WORK ORDER - Images should be left out, and everything else in the listing reproduced exactly.

DATA SHOWN -
************

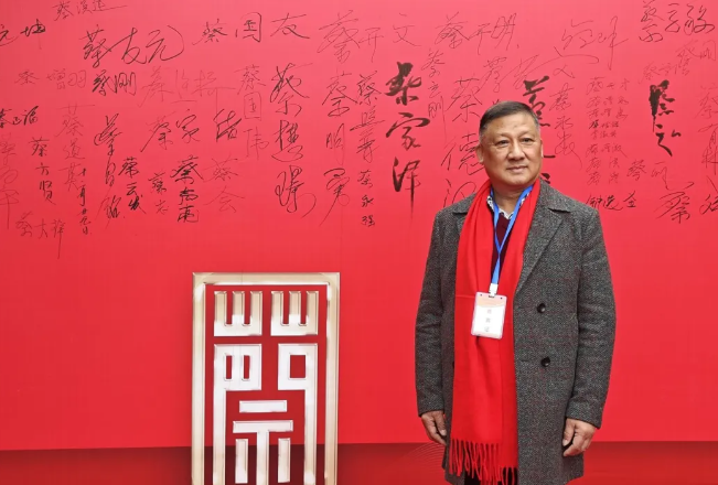 重庆市蔡⽒宗亲总会蔡家泽执⾏会⻓在签名墙上签名留念。
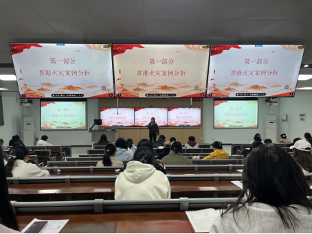 班会从近期社会关注的火灾案例引入,结合视频与图文讲解,生动呈现火势蔓延的迅速与火灾带来的严重后果。主讲同学详细讲解了初期火灾的应对方法:电器起火应先断电,再用干粉灭火器扑救;报警时须冷静说明地址、火情及人员情况;逃生时用湿毛巾捂住口鼻,低姿快速撤离,严禁使用电梯。通过真实案例,同学们深刻体会到“防患于未然”的重要性。
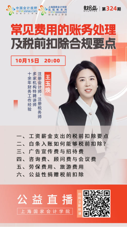 公益课堂直播:上海国家会计学院财八点 ——常见费用的账务处理及税前扣除合规要点
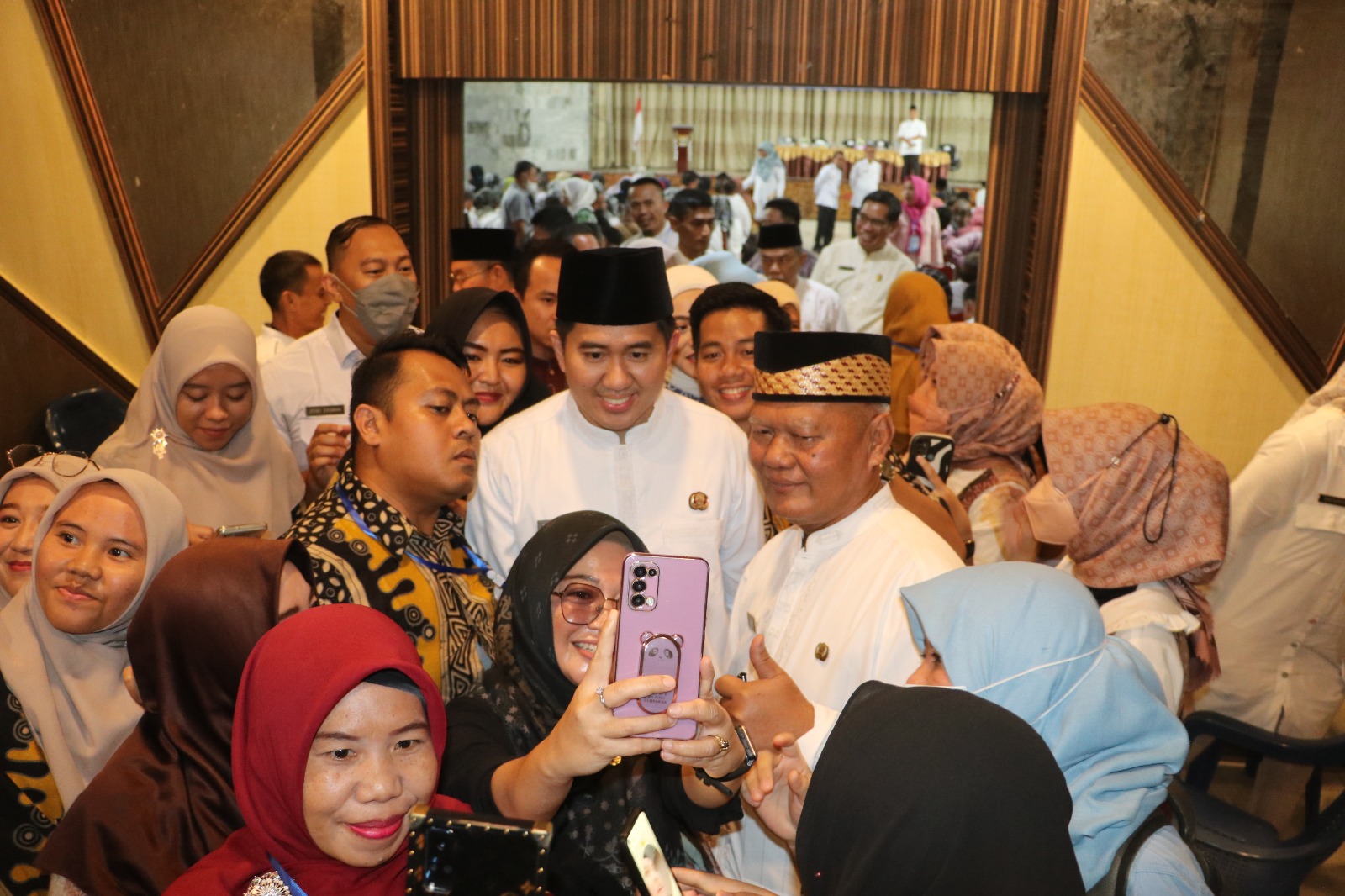 Muara Enim – Ternyata Kharisma sosok PLT Bupati Muara Enim Ahmad Usmarwi Kaffa PhD. sisa masa Bakti 2018-2023 terkesan mampu membius para Ibu Ibu Kepala Sekolah Se Kabupaten Muara Enim, hal tersebut terlihat tiba tiba dirinya di serbu Ibu-Ibu Kepala Sekolah untuk sekedar berfoto Selvi ketika dirinya usai membuka acara Rembuk Pendidikan Tahun 2023, di Gedung Kesenian Putri Dayang Rindu Muara Enim.

************

FINISHED EXERCISE -
 重庆市蔡⽒宗亲总会蔡家泽执⾏会⻓在签名墙上签名留念。
 班会从近期社会关注的火灾案例引入,结合视频与图文讲解,生动呈现火势蔓延的迅速与火灾带来的严重后果。主讲同学详细讲解了初期火灾的应对方法:电器起火应先断电,再用干粉灭火器扑救;报警时须冷静说明地址、火情及人员情况;逃生时用湿毛巾捂住口鼻,低姿快速撤离,严禁使用电梯。通过真实案例,同学们深刻体会到“防患于未然”的重要性。
 公益课堂直播:上海国家会计学院财八点 ——常见费用的账务处理及税前扣除合规要点
 Muara Enim – Ternyata Kharisma sosok PLT Bupati Muara Enim Ahmad Usmarwi Kaffa PhD. sisa masa Bakti 2018-2023 terkesan mampu membius para Ibu Ibu Kepala Sekolah Se Kabupaten Muara Enim, hal tersebut terlihat tiba tiba dirinya di serbu Ibu-Ibu Kepala Sekolah untuk sekedar berfoto Selvi ketika dirinya usai membuka acara Rembuk Pendidikan Tahun 2023, di Gedung Kesenian Putri Dayang Rindu Muara Enim.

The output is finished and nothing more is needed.